Biological Neurons Compete with Deep Reinforcement Learning in Sample Efficiency in a Simulated Gameworld
Moein Khajehnejad, Forough Habibollahi, Aswin Paul, Adeel Razi, Brett J. Kagan
TL;DR
The study compares sample efficiency between DishBrain in vitro neural cultures and three deep reinforcement learning algorithms (DQN, A2C, PPO) in a Pong-like task under identical real-time sample budgets. Biological cultures demonstrate superior learning speed and performance across multiple input densities, suggesting higher sample efficiency than contemporary RL methods. The discussion situates these results within broader debates on biologically plausible learning mechanisms and highlights active inference as a promising, biologically inspired alternative. Methodologically, the work combines a high-density MEA-based closed-loop platform with varied input encodings and extensive RL hyperparameter exploration, pointing to SBI systems as a compelling direction for real-time, energy-efficient learning with potential implications for AI algorithm development.
Abstract
How do biological systems and machine learning algorithms compare in the number of samples required to show significant improvements in completing a task?

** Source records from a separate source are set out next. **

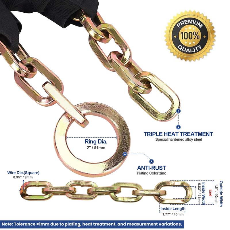 - Premium Heavy Duty Construction: Built with premium case-hardened steel, this 15ft x 3/8in thick chain is designed to resist cutting, sawing, and hammering, ensuring ultimate protection for your valuable equipment.
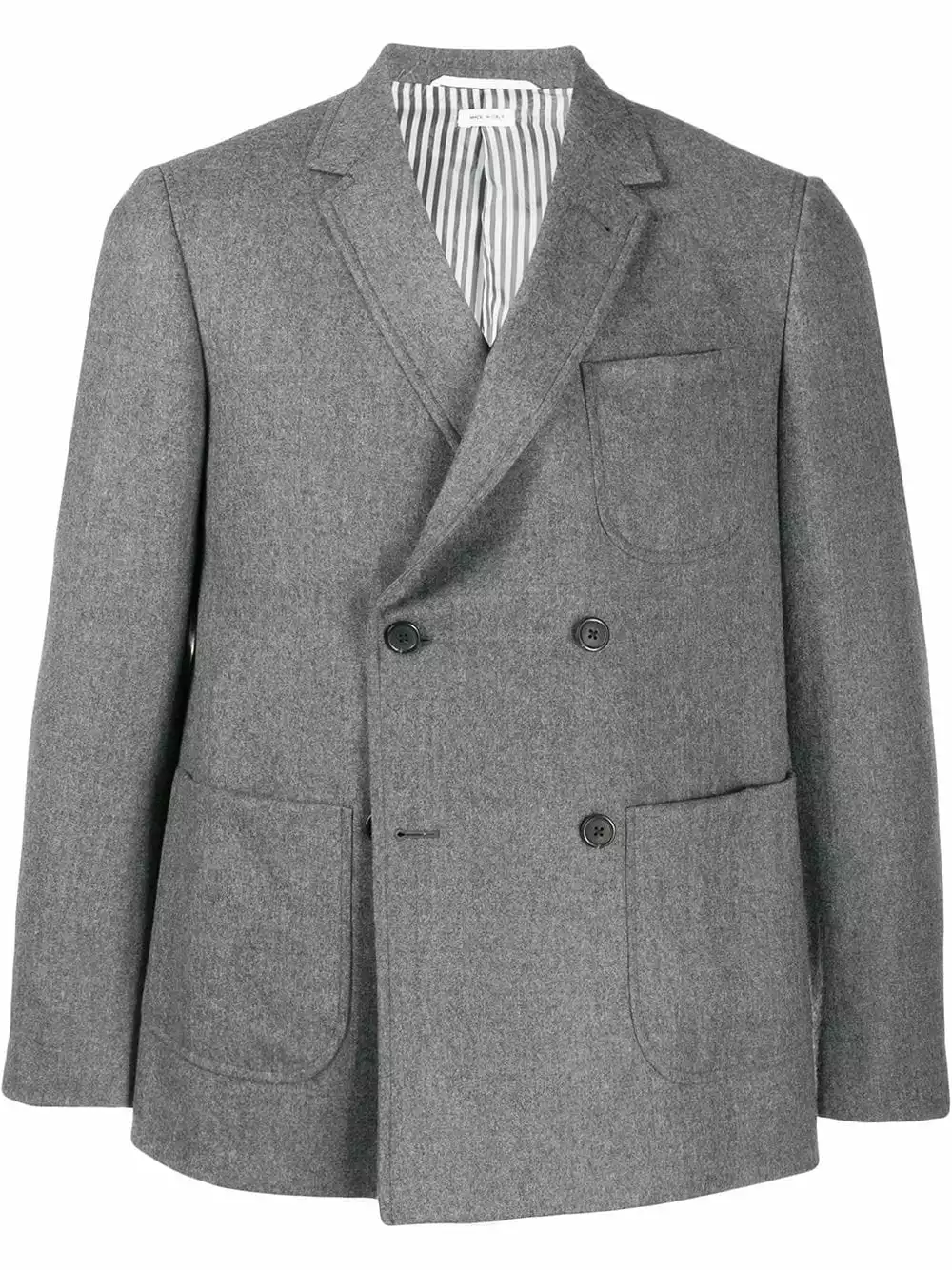 Sleek tailoring doesn’t need to be boring and Thom Browne knows how to do it like no one else! Crafted from soft wool, this double-breasted flannel sack jacket will pass the test of time. Timeless is key! Featuring a double breasted front fastening, a chest pocket, long sleeves, a double breasted front fastening, two front pockets and a rear central vent.
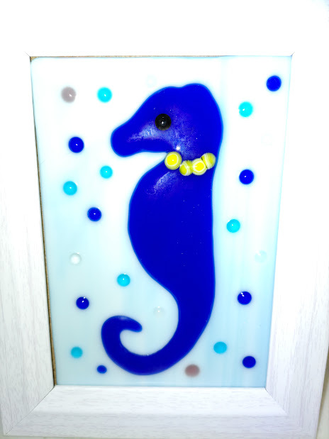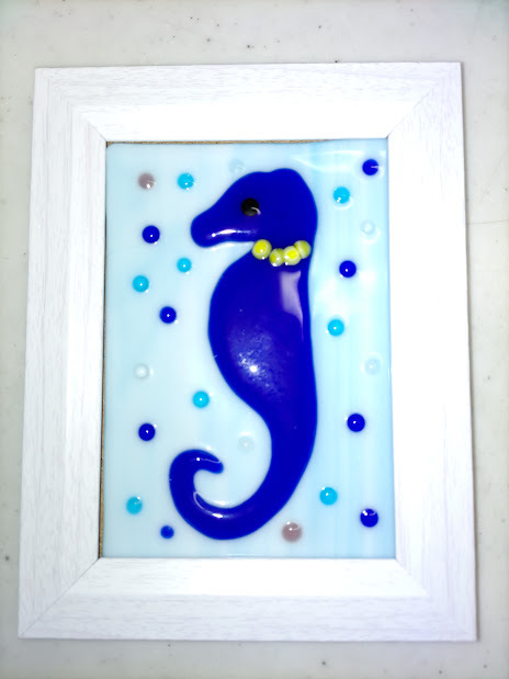 カラー:背景は水色、タツノオトシゴは青色のガラス。
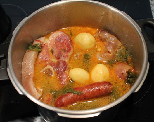 A los 20 o 25 minutos comprueba el punto de las patatas y cuando estén bien cocidas ya puedes dar el plato por finalizado. Comprueba también el punto de sal y rectifica si en necesario. Apaga el fuego y deja que repose todo en la olla hasta la hora de comer. (Si habías retirado el lacón o la cacheira porque ya estaban cocidos, ahora es el momento de integrarlos con el resto de la preparación para que se calienten).
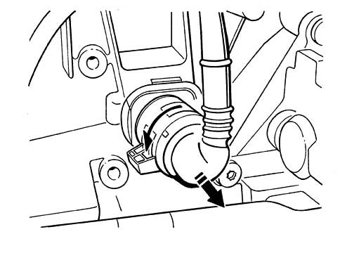 25. Turn round electrical connector (bayonet lock) in the direction indicated by the arrow and pull it off.
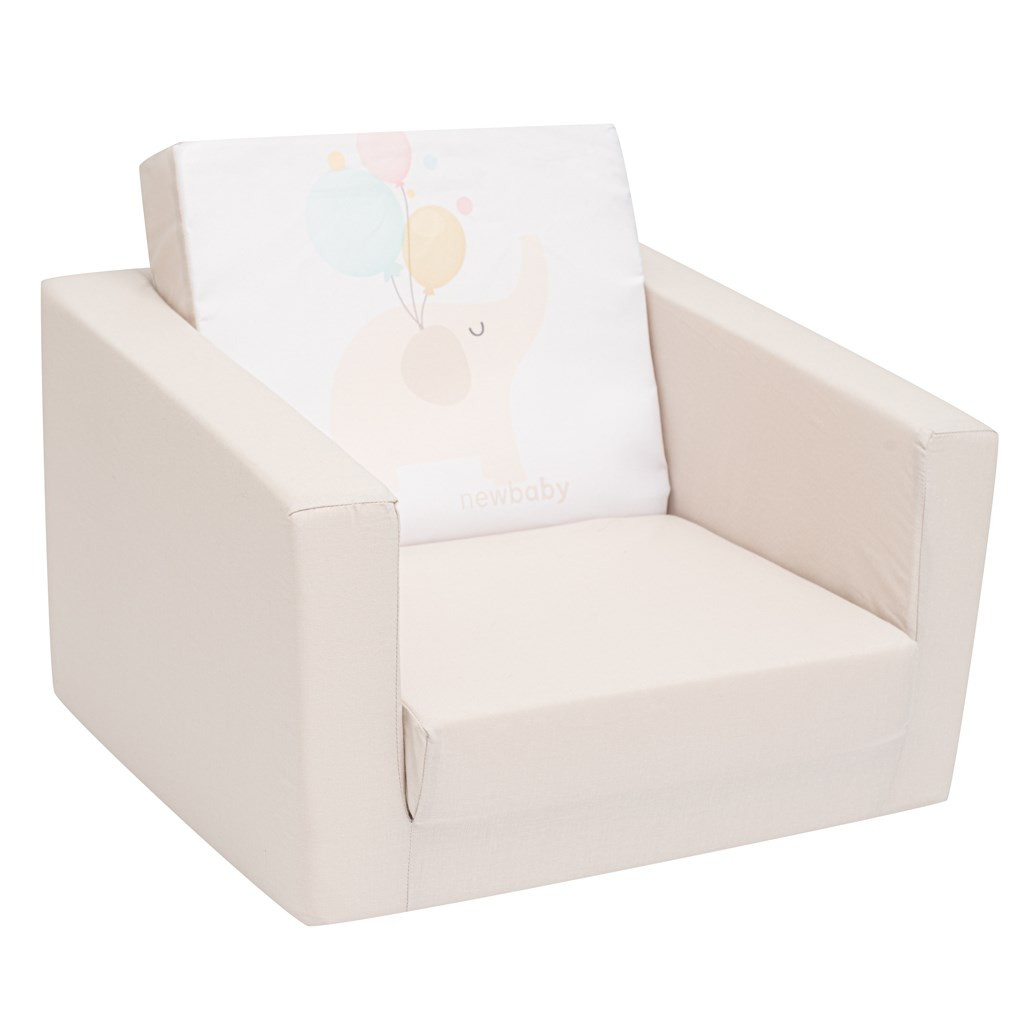 Gyermek kihajtható fotel New Baby nagyszerű és nagyon népszerű kiegészítője a gyerekszobának. A legkisebb gyerekeknek szánt többfunkciós szék puha és könnyű habból készült, levehető, mosható pamut huzattal rendelkezik. A cipzárnak köszönhetően a huzat könnyen eltávolítható. A huzat nagyon kellemes színekkel rendelkezik, és elefánt képe díszíti. Biztosítja a gyermek kényelmét, és ízlésesen kiegészíti a gyerekszobát. A fotel pihenésre, mesenézésre vagy szórakozásra is használható. Eredeti kollekciónk a Carero cég képzett tervezőitől származik New Baby márkanév alatt. Minőségi anyagokra nyomtatunk mintákat. Időtlen, elegáns és stílusos dizájnokat tervezünk gyermekek számára. Az anyagok OEKO-TEX STANDARD 100 tanúsítvánnyal rendelkeznek. Méretek: 37x45x42. Összetétel: huzat 100% pamut, belső anyag: poliuretán hab.
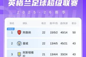 最新的積分榜方面:阿森納7分領(lǐng)跑,暫排第2的曼城本輪在曼市德比中0-2不敵曼聯(lián),先賽的情況下與維拉同積43分。明晨維拉主場迎戰(zhàn)埃弗頓,只要不敗就能升至第2。
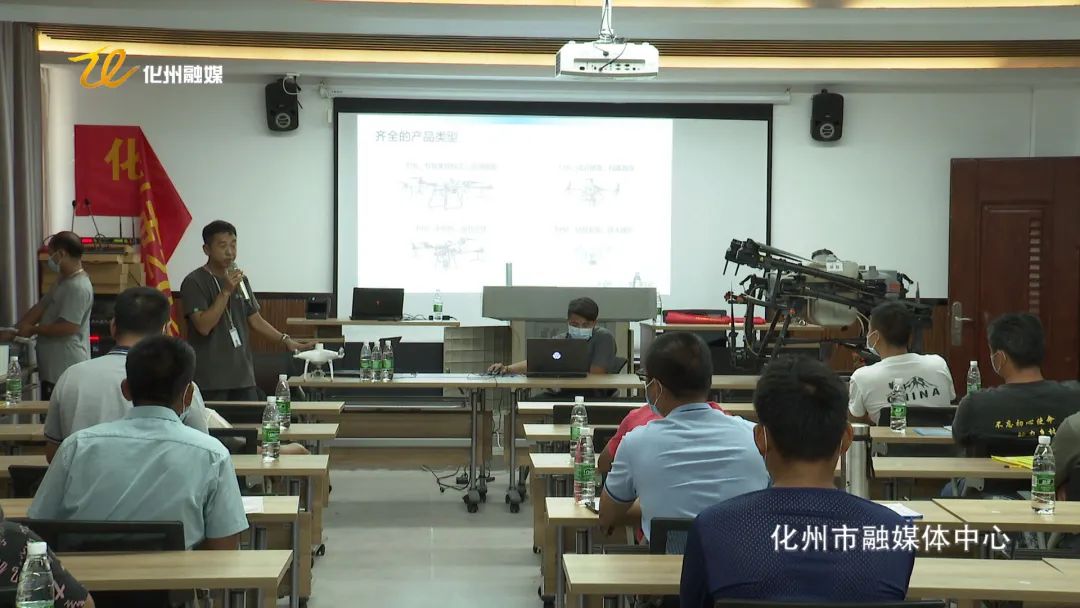 【市农机发展服务中心主任 汲广东:“根据我们目前化州市农业人员、还有种粮大户的要求,和无人机操控这一块是我们目前的短板,所以我们积极地和大疆无人机公司联系,举办了这次为期三天的培训班。这个农用无人机培训在茂名地区首创。”】
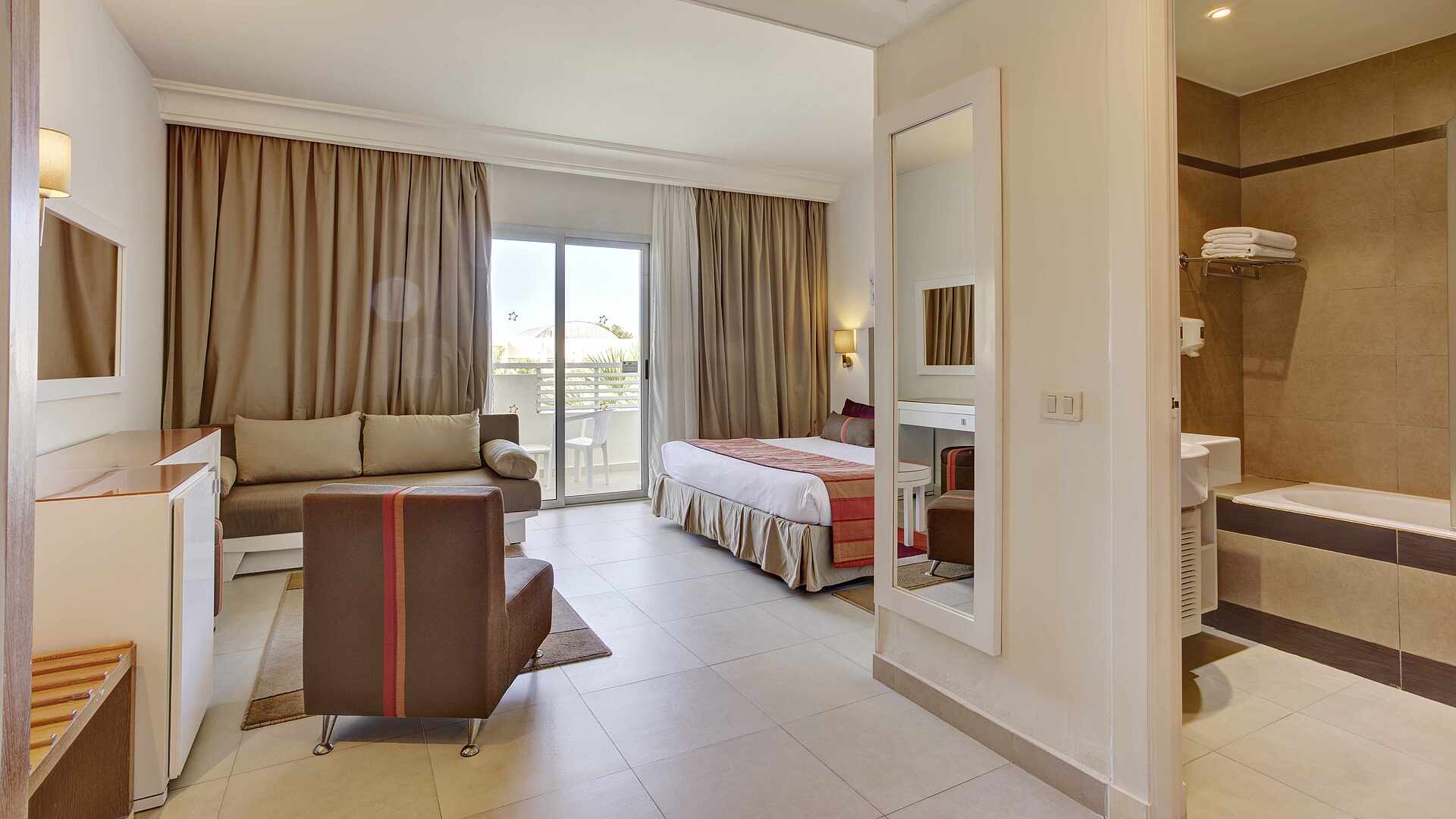 Kilómetros de playa de arena fina, un océano precioso y un complejo turístico para sentirse bien y relajarse: esto es precisamente lo que encontrará aquí, en Yerba. La amplia oferta de TUI MAGIC LIFE ofrece las mejores condiciones para unas vacaciones fantásticas en todos los sentidos. Este complejo es un sueño hecho realidad para las familias y los entusiastas del deporte. Disfrute de unas vacaciones relajantes con una oferta completa de todo incluido. Tanto si viene en pareja como en familia, aquí se sentirá de maravilla. Los coloridos mercados de Midoun y Houmt Souk son excelentes destinos para excursiones de un día. Sumérjase en el bullicio y experimente de cerca el encanto de Yerba.

We compared the learning efficiency of in vitro biological neural networks to the state-of-the-art deep reinforcement learning (RL) algorithms in a simplified simulation of the game `Pong'. Using DishBrain, a system that embodies in vitro neural networks with in silico computation using a high-density multi-electrode array, we contrasted the learning rate and the performance of these biological systems against time-matched learning from three state-of-the-art deep RL algorithms (i.e., DQN, A2C, and PPO) in the same game environment. This allowed a meaningful comparison between biological neural systems and deep RL. We find that when samples are limited to a real-world time course, even these very simple biological cultures outperformed deep RL algorithms across various game performance characteristics, implying a higher sample efficiency. Ultimately, even when tested across multiple types of information input to assess the impact of higher dimensional data input, biological neurons showcased faster learning than all deep reinforcement learning agents.